About this exercise
In the data below, find the line with "Sarah Coventry Old" and output it along with every later line, exactly, but not the pictures.

________________________

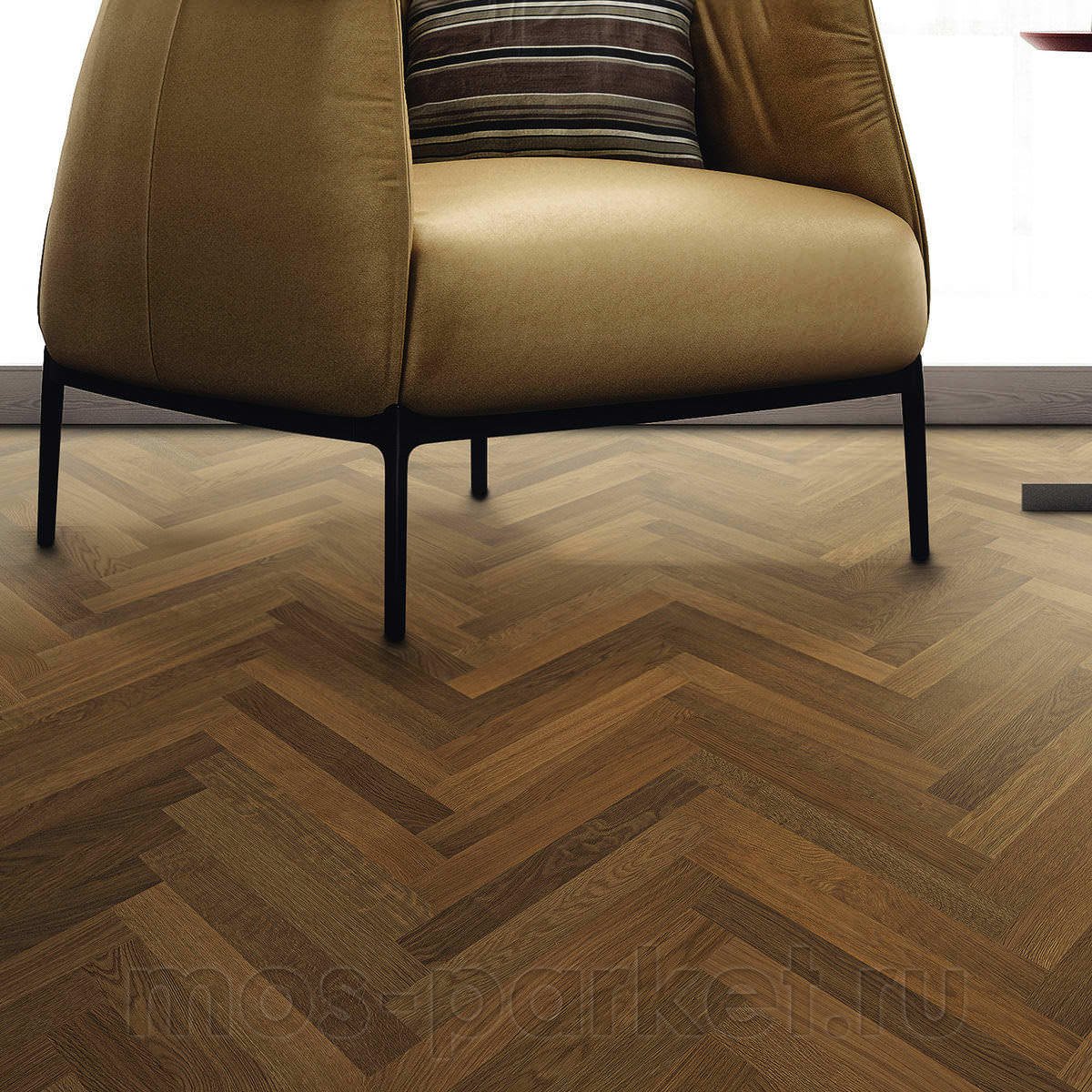 Формат планки 70×490 мм позволяет сформировать аккуратный и детализированный рисунок английской ёлки. Такой размер элементов делает узор более динамичным и визуально структурирует пространство. Паркет органично смотрится как в классических интерьерах, так и в современных проектах, где важна выразительная текстура натуральной древесины. Конструкция покрытия двухслойная инженерная, с верхним слоем дуба 3,5 мм, что обеспечивает стабильность геометрии и длительный срок службы.
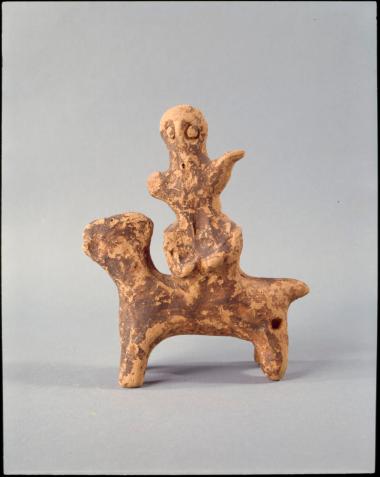 Πήλινο ειδώλιο έφιππης γυναικείας μορφής από παιδική ταφή στο Γαβαλομούρι Κισάμου
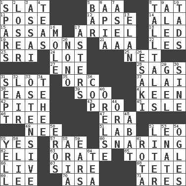ACROSS 1. Narrow board 5. Sound made by sheep 8. Make lace 11. Airs 12. Domed church section 14. In the manner of 15. Indian state 17. Satellite of Uranus 18. Directed 19. Thinks logically 21. American Automobile Association (abbr.) 22. French article 23. _ Lanka 24. Car dealer's back yard 25. Fish or hair follower 27. Compass dir. 28. Sinks 31. Narrow opening 35. The grampus (Milton) 37. Jai ____ 38. Comfort 39. "Barney Miller" actor Jack 41. Peachy ____! 42. Heart or essence 43. Adept person 45. Capri or Wight 46. Woody plant 47. Period 49. Born 51. Experiment locale 52. Lion 55. Consenting reply 57. Actress Charlotte 60. Catching in a trap 62. Connecticut Ivy Leaguer 63. Speak pompously 65. "_____ Recall" 66. 54 in ancient Rome 67. Beget 68. False hair 69. Area sheltered from the wind 70. White ___ sheet 71. Ancient Greek god of war DOWN 1. Practice fights 2. Failure 3. Slender Brazilian palm 4. Afternoon social gatherings 5. Soap unit 6. Capital of Western Samoa 7. At sea 8. Baron Munchausen's specialties 9. Toward shelter 10. Small boys 13. Flair 16. Undercover agent 17. Michaelmas daisies 20. Words to Nanette 26. 1973 Nobel Price Winner (Physics) Leo 29. Highlander 30. Trig term 31. Back-to-school mo. 32. Den 33. Clearly or manifestly demonstrative 34. Giggle 36. Police officer (slang) 40. Threatening words 44. NW Algerian seaport 48. Blind as ____ 50. Greek god of love 52. 61 cubic inches 53. Maternal 54. Stares 55. Shout 56. Writer Wiesel 58. Roberta Peters solo 59. Hearing organs 61. Roll call or roster of names 64. Beverage made from leaves
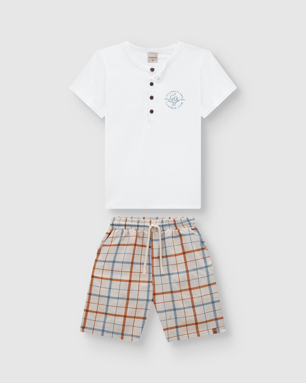 Conjunto Menino Camiseta Peitilho com Botões em Piquet Stretch - Carinhoso: Uma combinação perfeita de conforto e estilo para os meninos. A camiseta em piquet stretch, com peitilho e botões, oferece um visual moderno. A bermuda em viscolinho com estampa xadrez adiciona um toque estiloso para o dia a dia.
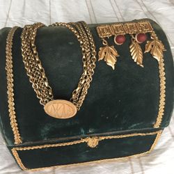 Sarah Coventry Old Vienna NECKLACE & BROOCH SET Brass & Enamel c1960$35Tacoma, WA
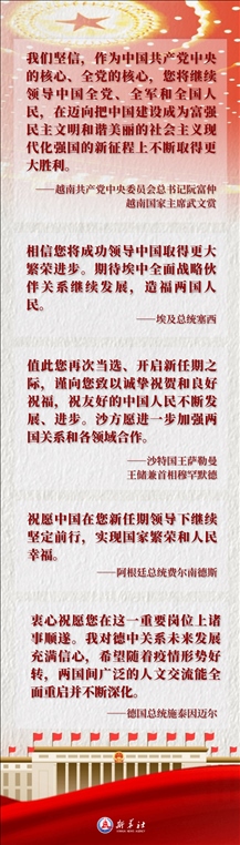 多國(guó)領(lǐng)導(dǎo)人在賀電賀函中表達(dá)他們對(duì)習(xí)近平全票當(dāng)選的祝賀與敬佩之情。

________________________

Expected answer
 Sarah Coventry Old Vienna NECKLACE & BROOCH SET Brass & Enamel c1960$35Tacoma, WA
 多國(guó)領(lǐng)導(dǎo)人在賀電賀函中表達(dá)他們對(duì)習(xí)近平全票當(dāng)選的祝賀與敬佩之情。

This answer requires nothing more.